I had lunch (at the fabulous Sanchos btw – love the fish tacos and tried a Mexican coke – they really do taste better) with my good friend and ex-boss, Henry Olson.  He has an uncanny ability to think one step ahead.

After our usual ruminations about what went wrong at Edge, and whether we would have the smarts to detect it next time (and, more importantly, the courage to act), Henry made the observation that companies need to shift from product-directed thinking to  market- directed thinking.  You can’t force the product on the customer – the customer defines the product and what they need from it. We covered this in You Don’t Know What Customers Want – make sure the market is driving requirements, not your perceptions of what the market wants.

Not content with cracking this nut, and as we are both headed for Enterprise 2.0, Henry quizzed me on what’s next for the enterprise.  He had observed last year that the SaaS revolution was in some ways a lot of same excrement with a different delivery method (i.e. paving the cowpath) and the gaps every one seems to be missing are between these disparate cloud apps.  Will anyone see that this year?  How do you solve user provisioning, application integration, and reporting and analytics with different data structures, and customer and product masters.  At this rate, there will be a new wave of consultants earning their fortunes wiring all these disparate cloud apps together – SaaS middleware anyone?

I’ve already observed that  enterprise software feels dead.  The new wave of cheaper, better, faster SaaS solutions are chipping away at traditional enterprise software with point solutions.   If we can stereotype who is doing this it’s unlikely to be the young bucks coming out of Stanford et. al. are going to fully grasp the challenges of enterprise computing, or otherwise be attracted to the relatively dismal world of B2B software.  Far more likely is B2B point solutions will be offered by grizzled corporate refugees, who are more interested in building a tidy nest egg than changing the world (as we are led to believe the starry-eyed younger entrepreneurs are wont to do).  This will most likely mean vertically- focused point solutions based on their experience.  In other words, our seasoned vets are unlikely to take on the tougher, larger problem of getting all of these cloud apps to play nicely together.

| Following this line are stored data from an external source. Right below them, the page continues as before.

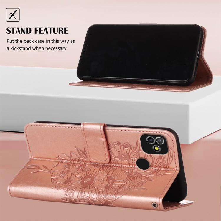 Caja Telefónica de Cuero para Tecno Pop 5 con Mariposa en Relieve (Oro Rosa)
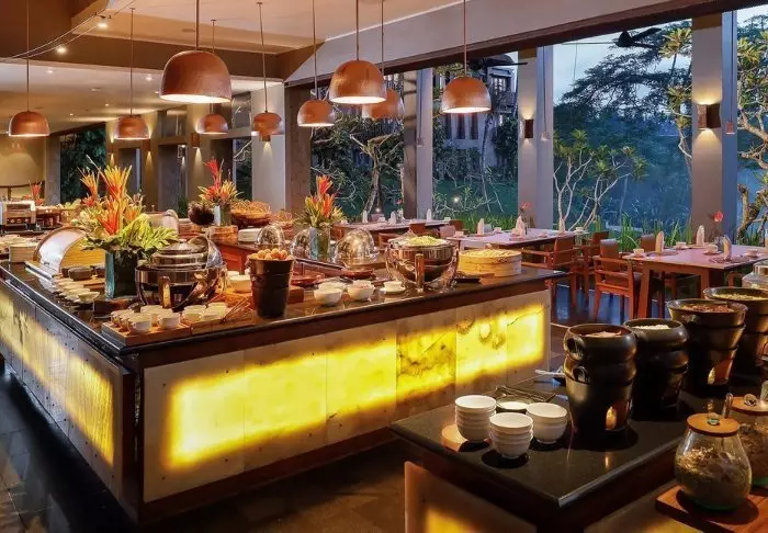 När hungern gör sig påmind bjuder resorten på flera utmärkta alternativ. Huvudrestaurangen Pandawa Restaurant serverar en varierad frukostbuffé med både internationella rätter, nybakat bröd och en omelettstation. Till lunch och middag erbjuder menyn allt från fräscha sallader till saftiga sirloinstekar och dagsfärska skaldjur.
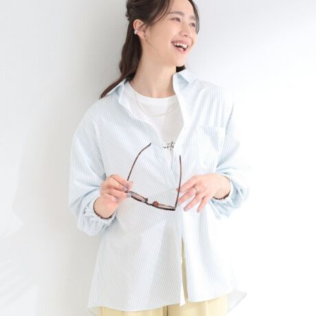 細目のストライプで清涼感があり、すっきりとした印象で着回しやすい一枚です。
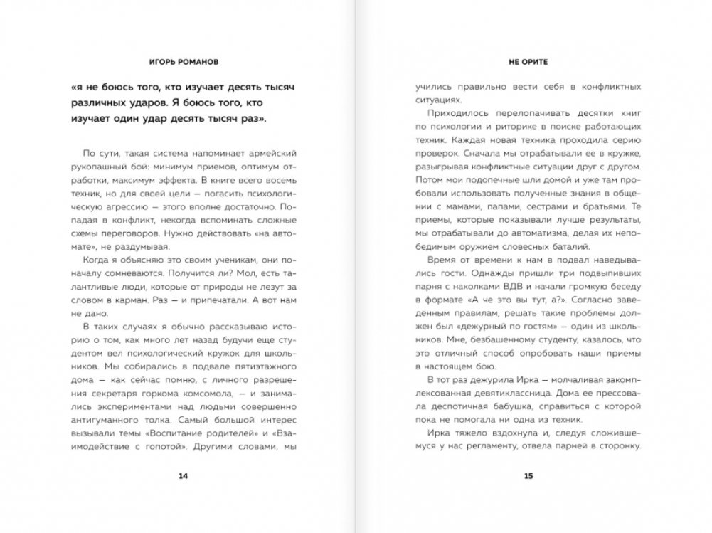 Выходить победителем из любой перепалки. Гасить конфликт парой фраз. Доброжелательно отстаивать свои границы и превращать врагов в хороших приятелей. Этому учит книга, написанная врачом-психиатром, психологом с тридцатилетним стажем, деканом факультета коммуникативного менеджмента РГСУ, бизнес-тренером Игорем Романовым. Он предлагает 8 проверенных техник, которые помогут свести на нет психологическую агрессию и дать возможность перейти к конструктивным переговорам.
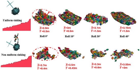 As shown in Figure 10, yaw variation had a comparatively minor effect on amphora dispersion in both uniform and non-uniform sinking scenarios. In uniform sinking, even the maximum yaw angle (20°) resulted in negligible cargo scatter. In contrast, when combined with roll angles under non-uniform sinking, the yaw contributed to the widest dispersion patterns. However, in all uniform cases, the amphorae remained confined within the ship, further supporting the importance of asymmetrical sinking dynamics.
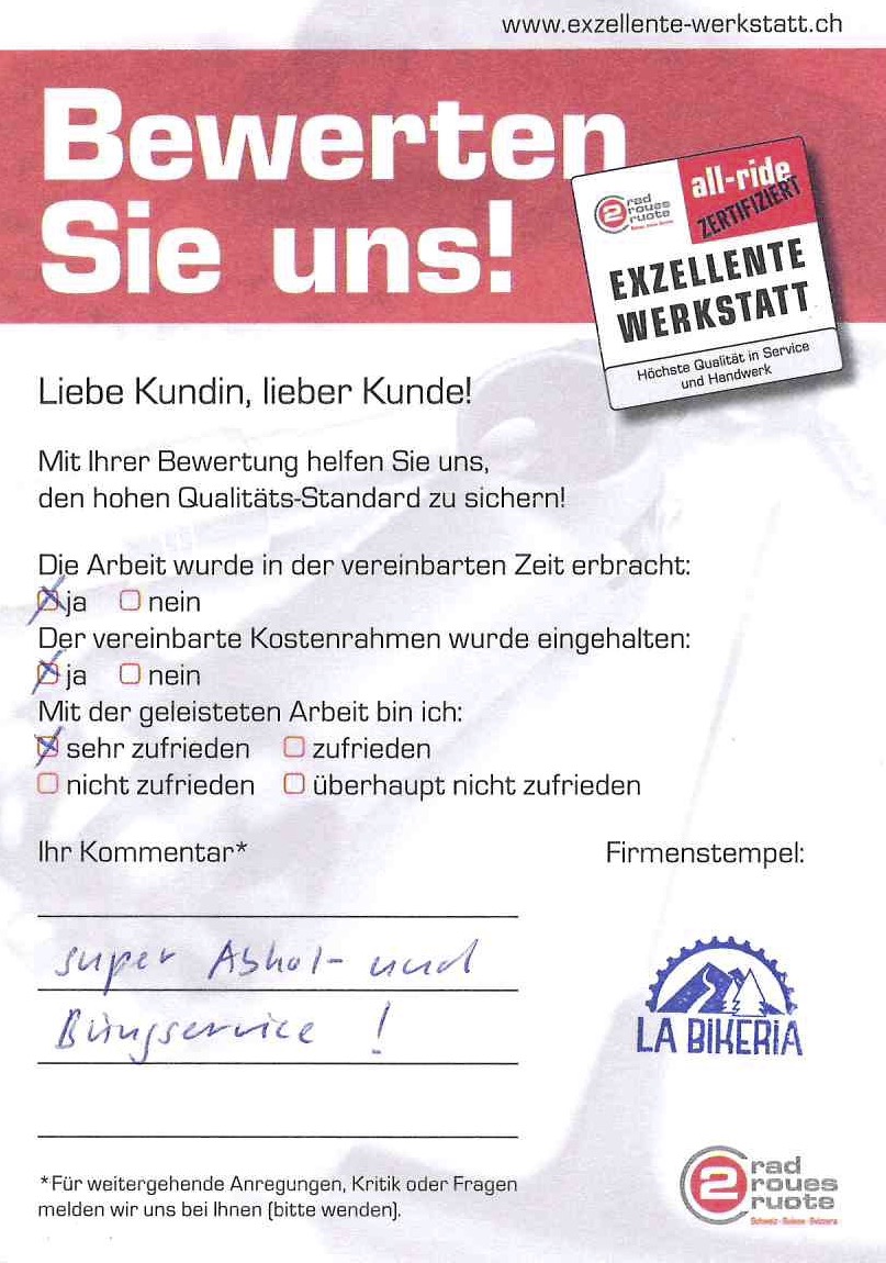 Wer sein Fahrrad bei LA BIKERIA gekauft hat, profitiert dauerhaft von unserem besonderen konditionen
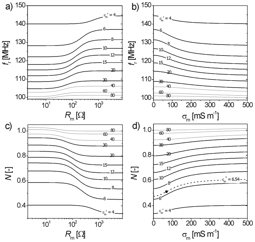 For a realistic range of soil permittivities εm′ < 30, the resonant frequencies shown in figure 9a and b (bold lines) are in the range of 104 MHz to 144 MHz and monotonically increasing with decreasing εm′. This behavior is in accordance with the increasing resonant frequency of a simple LC-oscillator with decreasing capacitance (compare (6)). Furthermore, for all εm′ the computed fr(Rm) shown in figure 9a takes asymptotically lower values for low Rm and reaches asymptotically higher values for large Rm. This emanates from the circuit diagram (figure 1), revealing that the total capacitance reaches a minimum for Rm → ∞ when Cm(εm′) is in series with Cacc,s(εm′) and a maximum value for Rm → 0 when Cm(εm′) is bypassed. Thus, the resonances of basic LC-oscillators with different operative capacitances (see Equation (6)) qualitatively explains the behavior of fr(Rm) for low and high values of Rm.
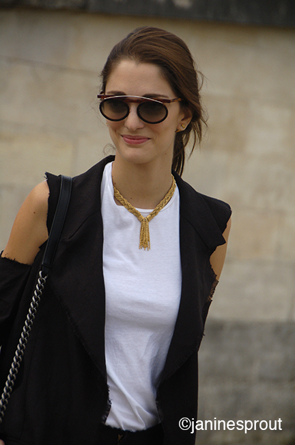 A cut-up spotted during Fashion Week. When in doubt about what to wear and want to stir up a little commotion, go for a peek-a-boo look on the thighs and upper arms. Truly creative. What pulled this all off, the accessories and lovely model. Cool shades!
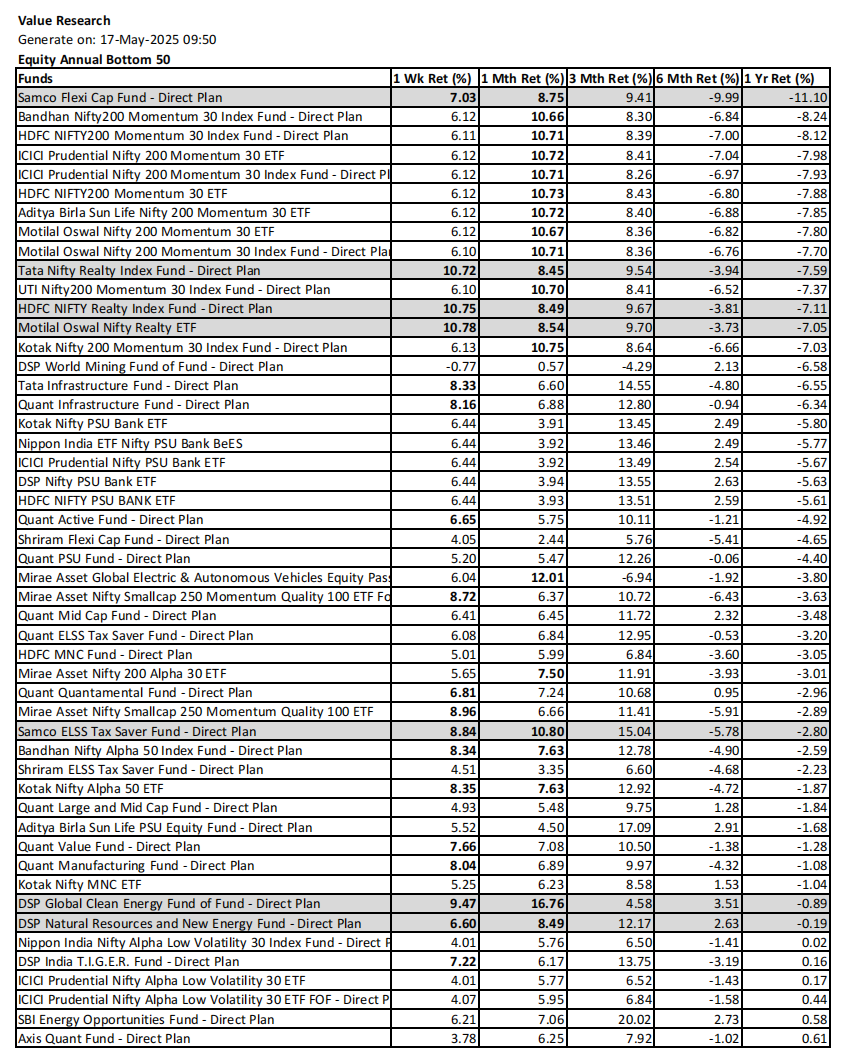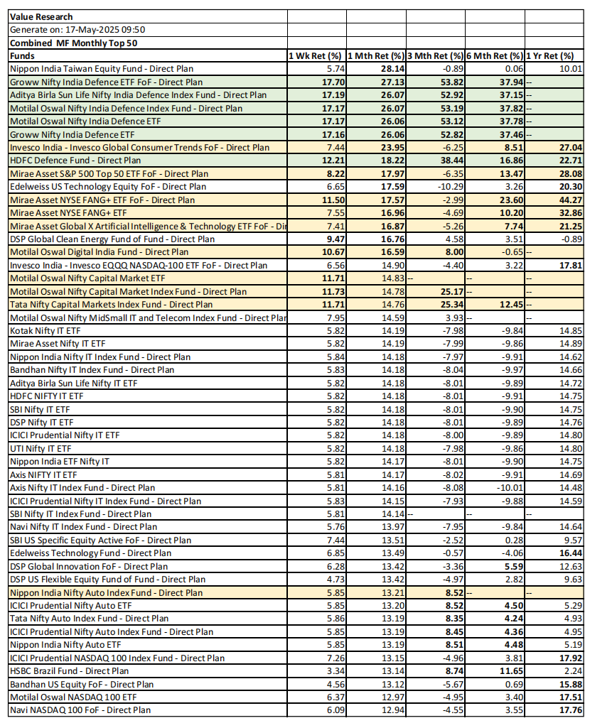 Certain Defence funds, Capital Market ETF funds, Manufacturing Funds, Smallcap Funds from Equity funds dominated the Weekly Top 50 Combined. The PSU Bank Funds came on the top of this weekly list.

Henry wondered if NetSuite is the answer (I don’t know – can anyone comment?) It would seem that we need a bunch of open APIs and standards to make these different cloud applications work together.

Perhaps consumer apps not just raising the bar but pointing the way to new enterprise models? Facebook Connect has been a brilliant success for outsourced authentication – but it has the tiny advantage of being used by everyone (well ~300 million anyway). As more people work for themselves and have greater autonomy they will make the purchasing decisions for themselves –  laptops, productivity software, etc.  This market neatly sidesteps the traditional software problems of long sales cycles and difficulty communicating with the user community. This won’t replace SAP, but it might be the right path for collaboration and other productivity apps.

What are your thoughts for Enterprise 2.0?  How will the incumbents change and what new players will emerge?